その緩急の付け方が巧み。いい役者だねえ。好きでも何でもなかったけどあらためて評価した。
それと、ガートルード役のグレン・クローズがとてもいい。この役を非常に無邪気に見せる事に成功している。
それでもまあ、なんつっても見どころは、オフィーリアを演ったヘレナ・ボナム・カーターでしょう。
この頃からずっとファンなんだけど、とにかく可愛いし可憐だし、それでいて意志の強さをとても感じる。

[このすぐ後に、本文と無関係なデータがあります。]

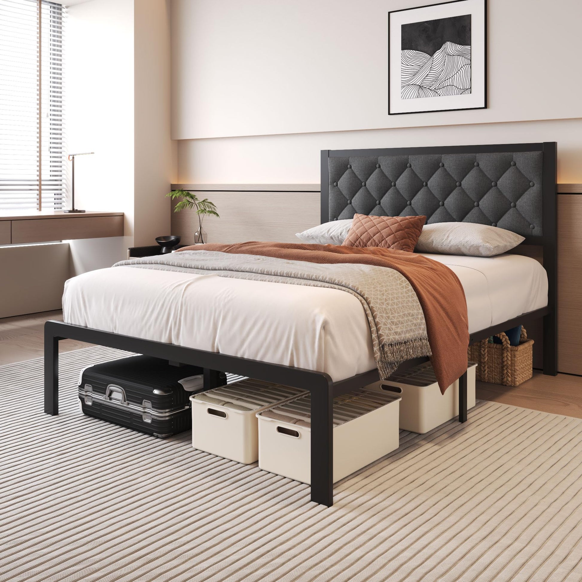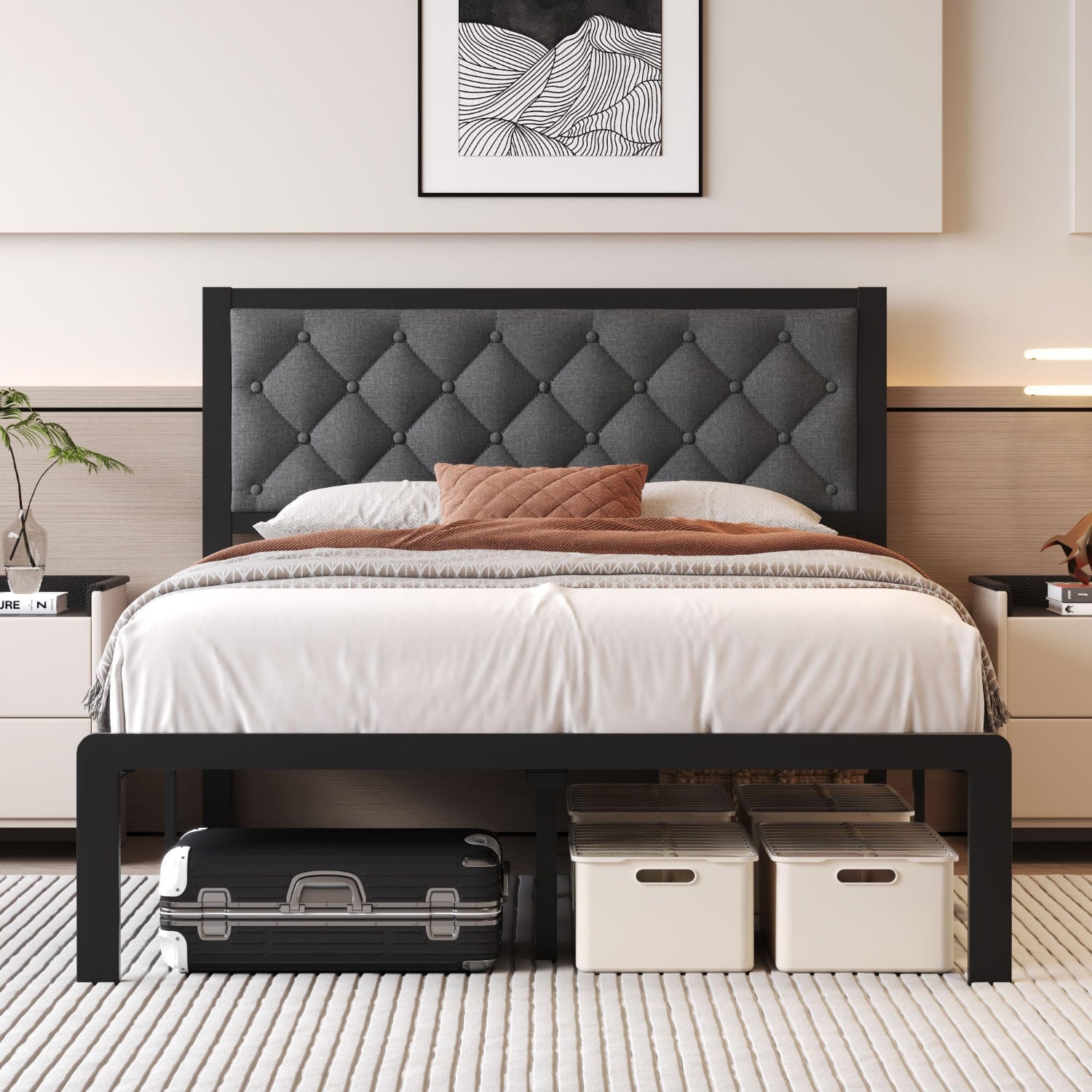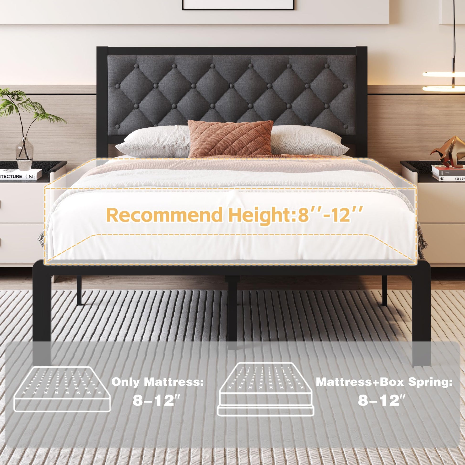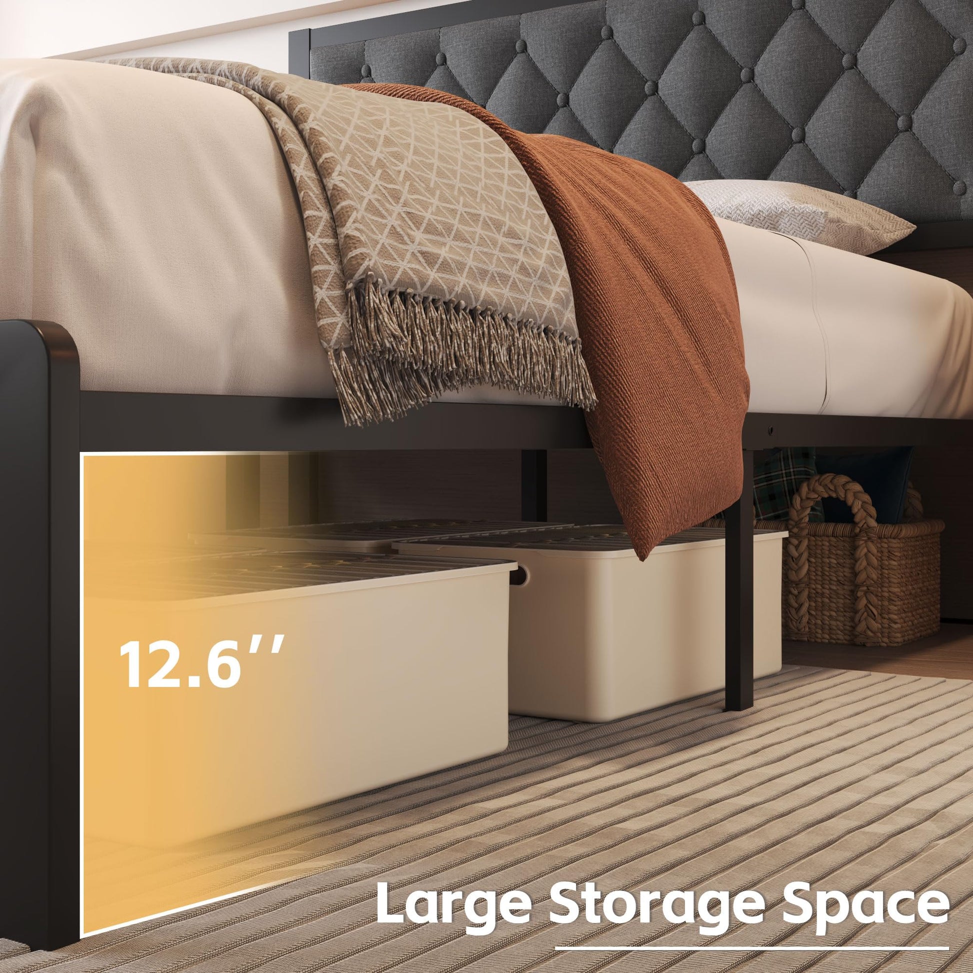 - Under-Bed Storage:The 12.6-inch under bed storage space of this metal bed frame can greatly improve the utilization of bedroom space. allowing you to organize and store more items while making your room look neat and orderly.The oversized space under the bed is also convenient for your cleaning.

まあ、意志が強過ぎる感じが強いもんで、ハムに貰ったものを返すのが、
ポローニアスおやじに強制されて、という雰囲気でなく、自らの意思っぽく見えてしまうため、
その辺の解釈が曖昧になってしまっているのがまあ、お釣りっちゃお釣りだけどw、
それでも、あの狂気の沙汰の演技、最高に上手い。
イーさんハムの時のオフィーリア=ジュリア・スタイルズの、悲しみに打ちひしがれたのもよかったけど、
ヘレナボナムのあの目つき、ただ者じゃないって解るもんね。いやあ天晴。これ10代だよね確かヽ(;´Д`)ノ
それと!旅一座の芝居の中で王様を演じてたのがなんと!ピート・ポスルスウェイトおやじさまだったのよ!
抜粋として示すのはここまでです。